Kolmogorov-Smirnov two samples test

Let X be a scalar uncertain variable modeled as a random variable. This method deals with the construction of a dataset prior to the choice of a probability distribution for X. This statatistical test is used to compare two samples \left\{x_1,\ldots,x_N \right\} and \left\{x'_1,\ldots,x'_M \right\}; the goal is to determine whether these two samples come from the same probability distribution or not. If this is the case, the two samples should be aggregated in order to increase the robustness of further statistical analysis.

The test relies on the maximum distance between the cumulative distribution functions \widehat{F}_N and \widehat{F}'_M of the samples \left\{x_1,\ldots,x_N \right\} and \left\{x'_1,\ldots,x'_M \right\}. This distance is expressed as follows:

    \widehat{D}_{M,N} = \sup_x \left|\widehat{F}_N\left(x\right) - \widehat{F}'_M\left(x\right)\right|

The probability distribution of the distance \widehat{D}_{M,N} is asymptotically known (i.e. as the size of the samples tends to infinity).
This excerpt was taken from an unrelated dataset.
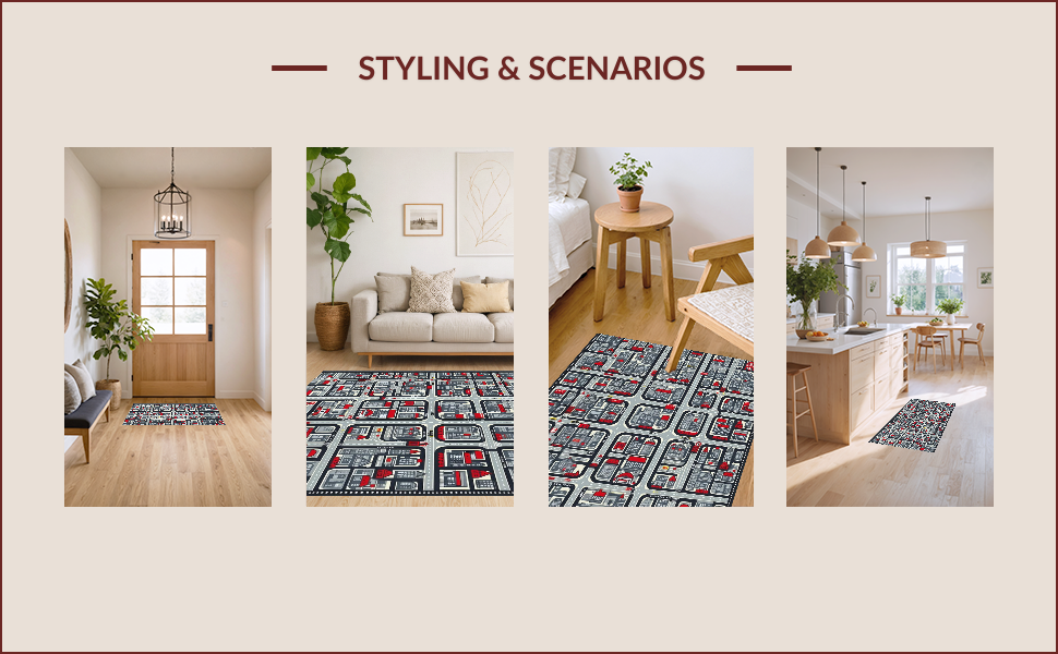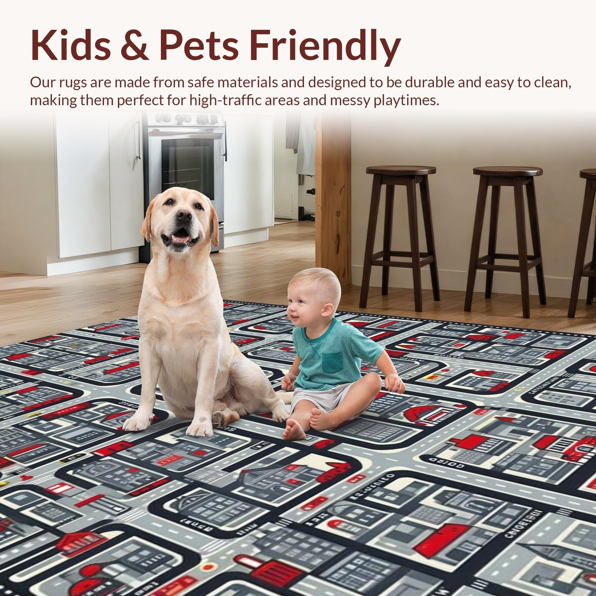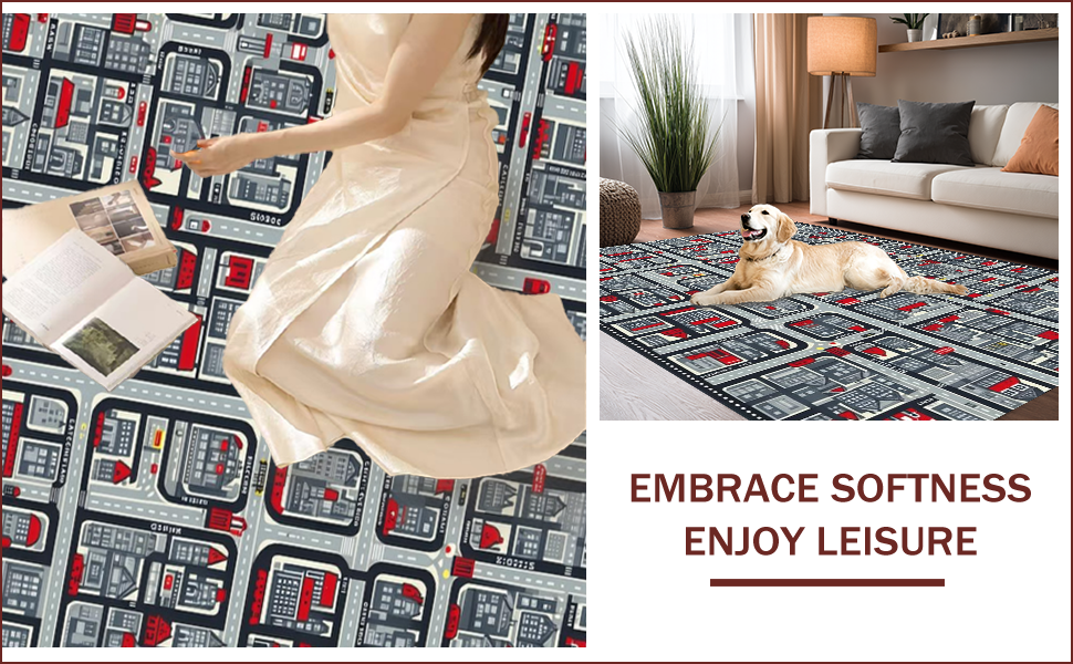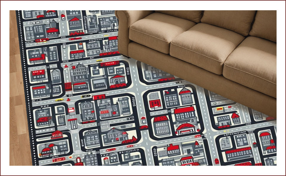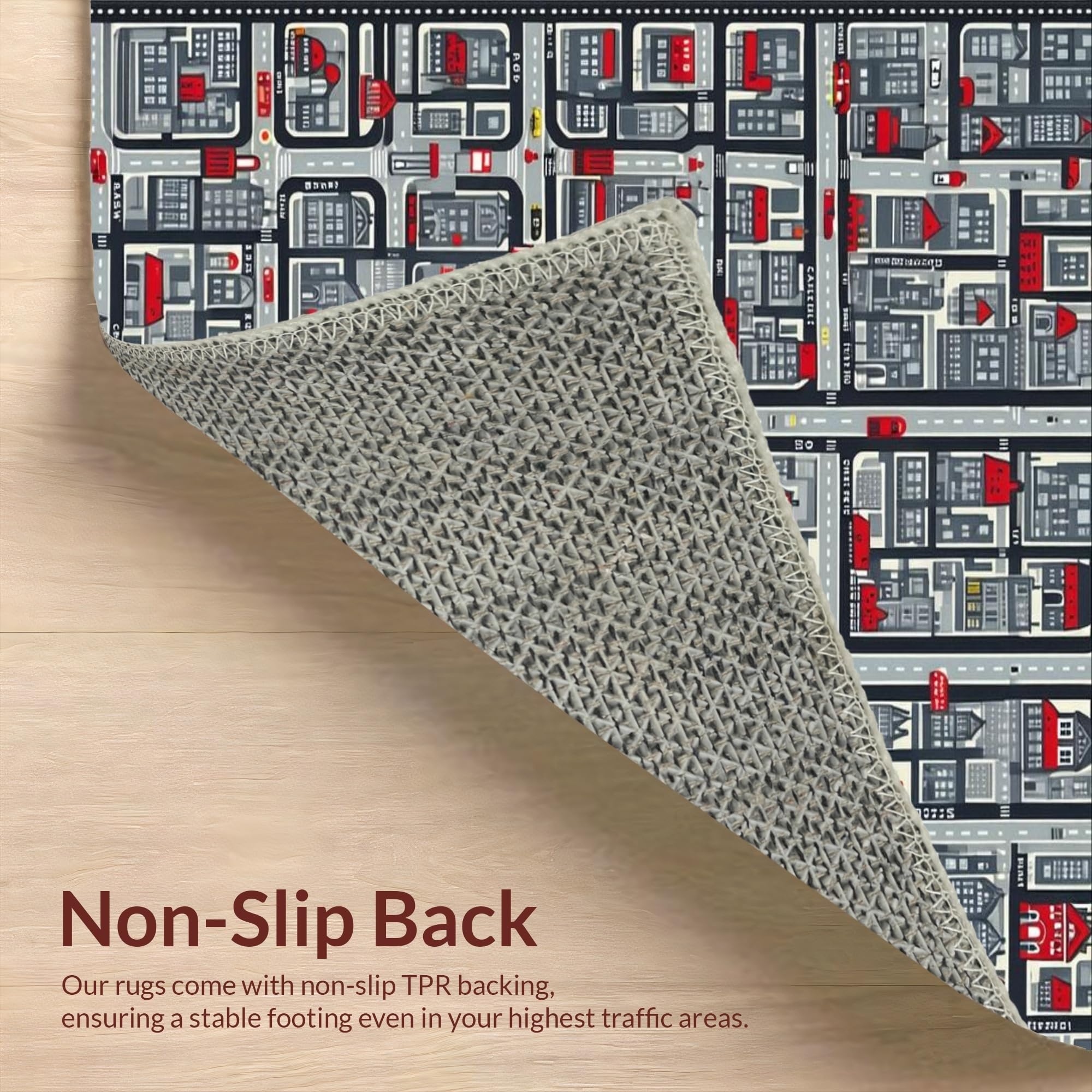 Ultra Soft Area Rug, Non Slip, Stain Resistant, Washable Area Rugs for Living Room, Bedroom, Vibrant Cartoon Cityscape Motif(Gray) Overview:

If M and N are sufficiently large, this means that for a probability \alpha, one can calculate the threshold / critical value d_\alpha such that:

  • if \widehat{D}_{M,N} >d_{\alpha}, we conclude that the two samples are not identically distributed, with a risk of error \alpha,

  • if \widehat{D}_{M,N} \leq d_{\alpha}, it is reasonable to say that both samples arise from the same distribution.

An important notion is the so-called “p-value” of the test. This quantity is equal to the limit error probability \alpha_\textrm{lim} under which the “identically-distributed” hypothesis is rejected. Thus, the two samples will be supposed identically distributed if and only if \alpha_\textrm{lim} is greater than the value \alpha desired by the user. Note that the higher \alpha_\textrm{lim} - \alpha, the more robust the decision.

This test is also referred to as the Kolmogorov-Smirnov’s test for two samples.